→ PROBLEM TO SOLVE: Pictures stay out of this copy, which runs from the first line of the material through the line containing "お盆期間中に各地域で先祖供養".
EXTRACTED DATA below:
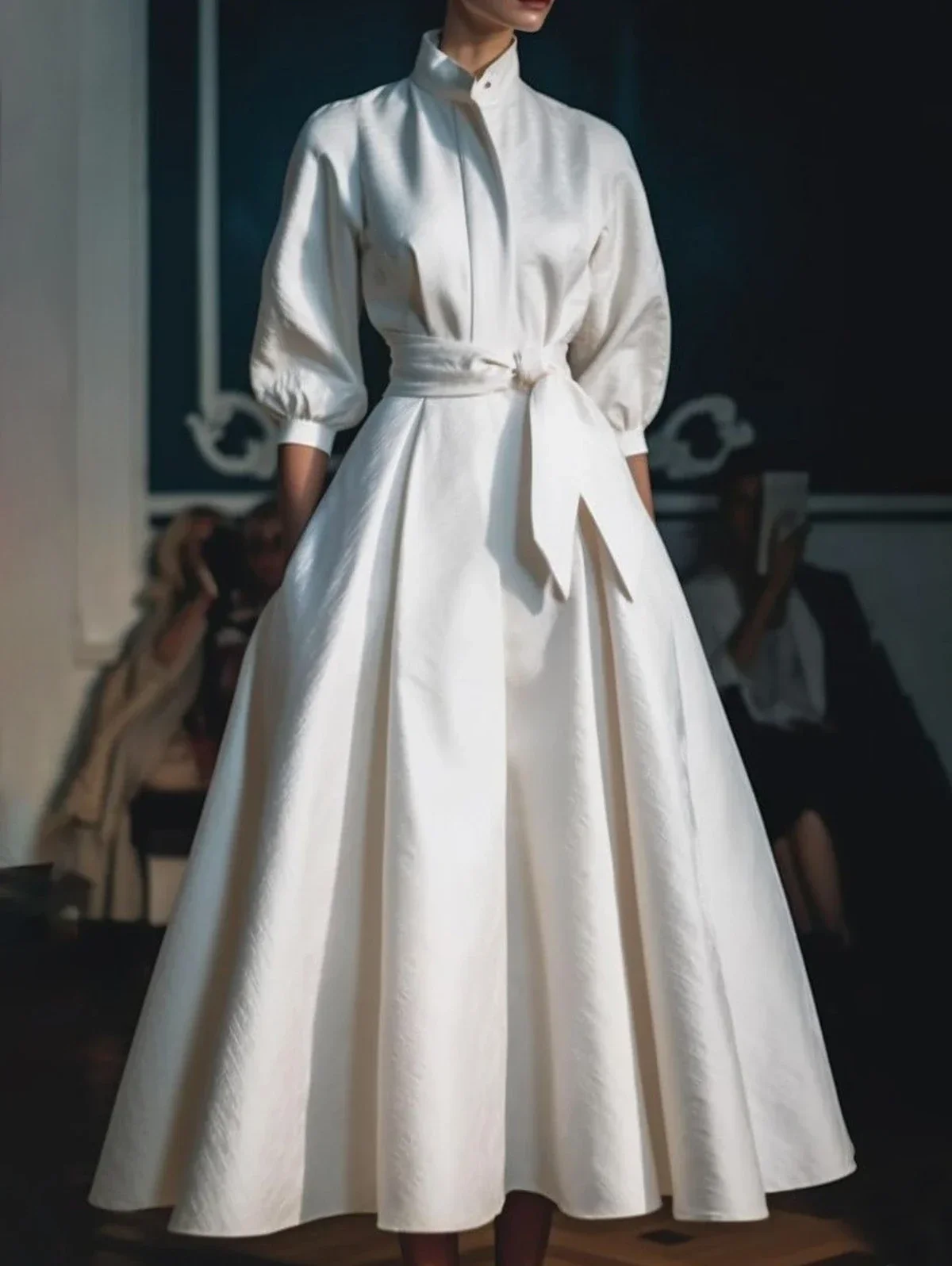 Elegant Women Shirt Dress Long Sleeve Stand Collar Minimalist A-Line Pleated Wedding Guest Long Maxi Dresses with Blet
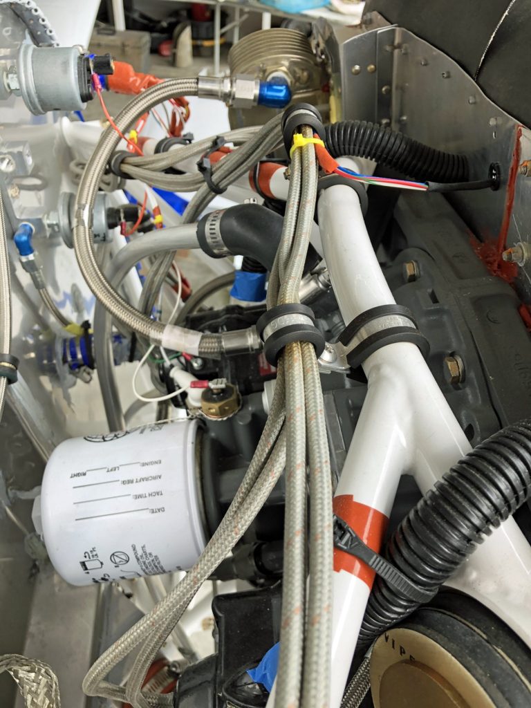 Flexible line inspections may save you from an in-flight failure. Look carefully at the fittings. Over time, hose clamps can create a weak area that begins leaking slowly. Also, inspect the routing of all lines for chafing.
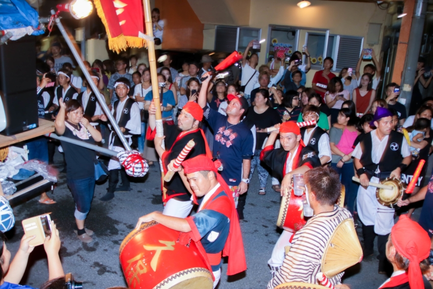 お盆期間中に各地域で先祖供養とお見送りのために青年会がエイサーや踊り等を演舞して練り歩く「道ジュネー」が行われます。
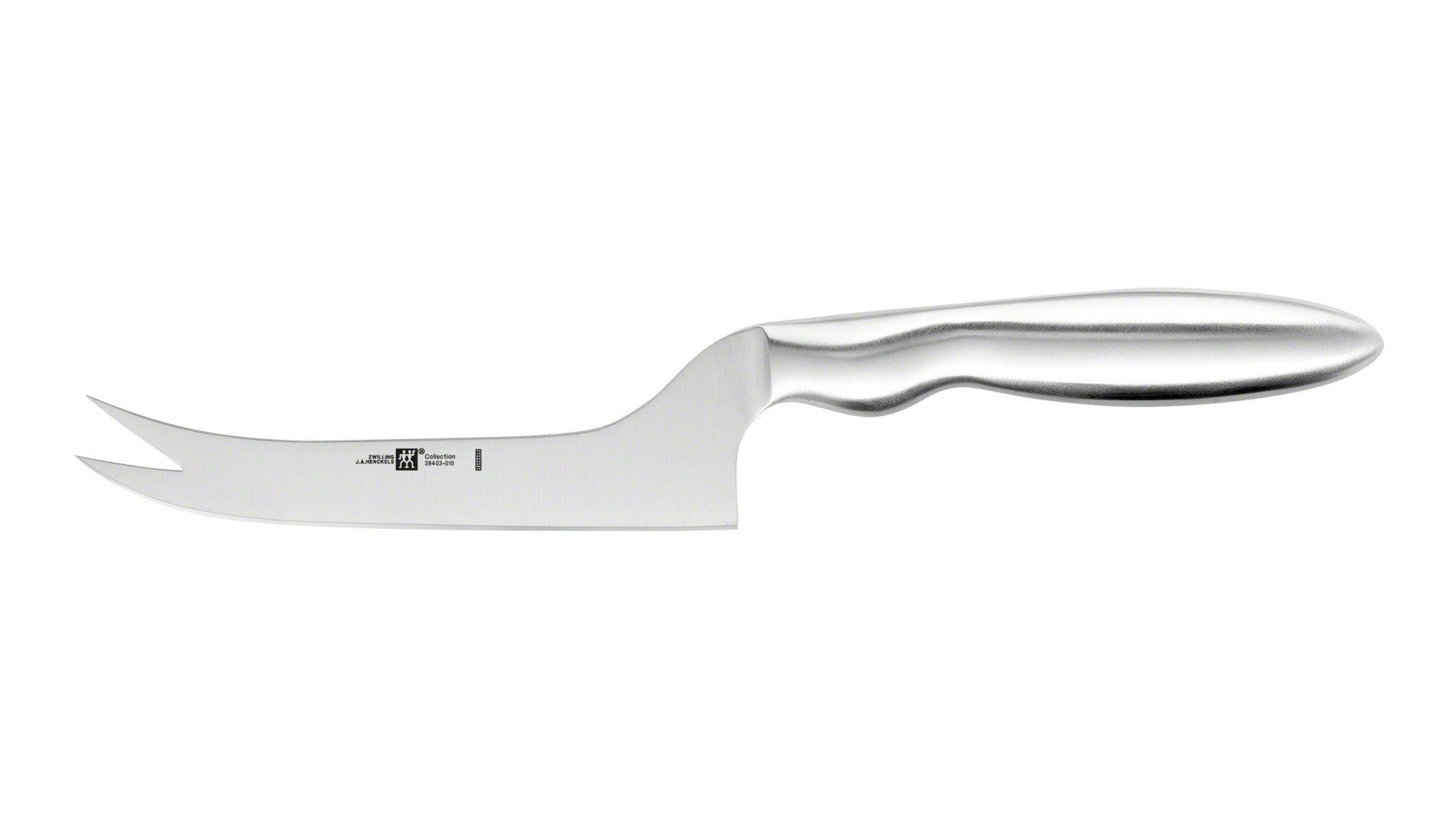 ZWILLING J.A. HENCKELS ZWILLING® Collection Messer Käsemesser mit Gabelspitze Das schöne Käsemesser mit Gabelspitze aus der Serie ZWILLING® Collection macht es Ihnen und Ihren Gästen leicht, sich am Käse zu bedienen. Es besitzt eine speziell entwickelte Klinge, die sich gleichermaßen zum Schneiden und Anheben des Käses eignet. Mit diesem Messer genießen Sie auch in einer großen Runde guten Käse. Der Griff des Käsemessers wurde aus hochwertigem Edelstahl gefertigt. Seine leicht gewellte Form an der Unterseite macht die Benutzung des Messers komfortabel. Die Klinge besteht aus rostfreiem Stahl. Sie ist unten gerade, sodass Sie dieses Käsemesser am besten zum Schneiden von Schnittkäse verwenden. Die praktische Gabelspitze besitzt zwei Zinken, mit denen Sie den zuvor geschnittenen Käse mühelos von der Käseplatte nehmen. Es ist daher nicht nötig, den Käse oder die Platte mit den Händen zu berühren. Mit diesem Käsemesser von ZWILLING®, das gleichermaßen durch seine Funktionalität und sein schönes Design überzeugt, sind Sie auch bei einer großen Feierlichkeit bestens ausgestattet. Sicheres und präzises Arbeiten dank scharfer Klinge Ergonomisch geformter Griff für eine angenehme Handhabung Lange Haltbarkeit dank der Применитьung aus hochwertigem, rostfreiem Edelstahl Zwei praktische Gabelspitzen zum Anheben des geschnittenen Käses
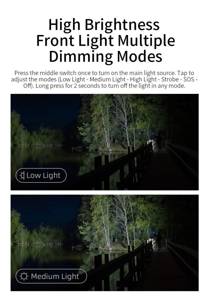 Lighting Modes Main Light, Weak – Medium – Strong – Strobe – SOS – Off;Tail Light,On/Off
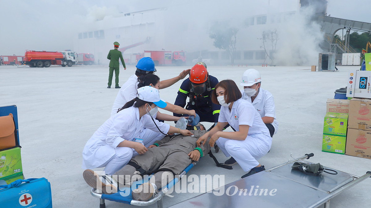 Cuộc diễn tập huy động nhiều lực lượng với 600 người, cùng 35 xe chuyên dụng các loại. Phần diễn tập thực binh theo tình huống giả định, xảy ra cháy tại phân xưởng giấy, Công ty cổ phần Giấy An Hòa do hệ thống điện bị chập, phát sinh các tia lửa điện bắn vào khu vực để giấy thành phẩm, đám cháy đã nhanh chóng lan rộng. Do tác động của ngọn lửa, nhiệt độ cao, khói khí độc và đám cháy phát triển nhanh khiến nhiều công nhân viên bị thương và mắc kẹt. Phần diễn tập được tiến hành qua 4 giai đoạn với các phương án xử lý tình huống cụ thể gồm: Giai đoạn 1 là lực lượng PCCC cơ sở và Đội PCCC chuyên ngành phát huy phương châm “4 tại chỗ” hướng dẫn thoát nạn, cứu người, cứu tài sản và tổ chức chữa cháy. Giai đoạn 2: Lực lượng Cảnh sát PCCC và cứu nạn, cứu hộ gần nhất và chính quyền địa phương tìm kiếm người bị nạn và ngăn chặn không để cháy lan, lực lượng chữa cháy chuyên nghiệp Phòng Cảnh sát PCCC và cứu nạn cứu hộ đến chi viện chữa cháy, cứu nạn, cứu hộ. Giai đoạn 3 là các đơn vị nghiệp vụ thuộc Công an tỉnh đến tham gia hỗ trợ công tác chữa cháy và cứu nạn, cứu hộ. Giai đoạn 4 là phát huy sức mạnh tổng hợp, đồng bộ giữa các đơn vị chữa cháy và cứu nạn, cứu hội tổ chức tìm kiếm nạn nhân, cấp cứu, tổ chức điều tra và khắc phục hậu quả vụ cháy.
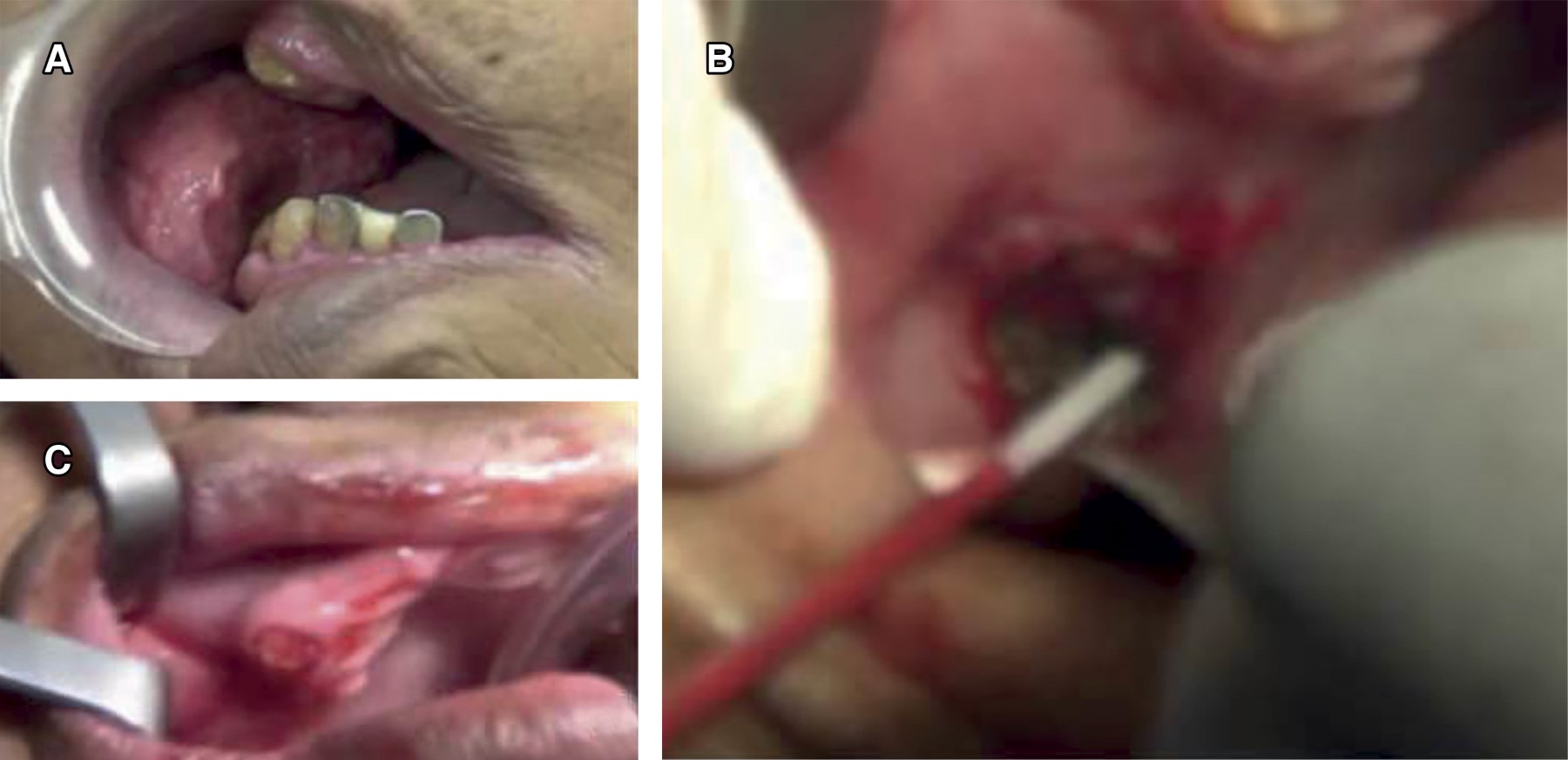 Mediante anestesia general con intubación nasotraqueal, previa asepsia y antisepsia de la región peribucal con yodopovidona, así como previa colocación de taponamiento orotraqueal y campos estériles, se infiltra lidocaína con epinefrina al 2%; posteriormente se realiza corte con electrocauterio, desprendiendo la lesión desde la base pediculada ubicada en la región alveolar de la arcada superior.
End of EXTRACTED DATA.
→ RESULT OF THIS EXERCISE:
 Elegant Women Shirt Dress Long Sleeve Stand Collar Minimalist A-Line Pleated Wedding Guest Long Maxi Dresses with Blet
 Flexible line inspections may save you from an in-flight failure. Look carefully at the fittings. Over time, hose clamps can create a weak area that begins leaking slowly. Also, inspect the routing of all lines for chafing.
 お盆期間中に各地域で先祖供養とお見送りのために青年会がエイサーや踊り等を演舞して練り歩く「道ジュネー」が行われます。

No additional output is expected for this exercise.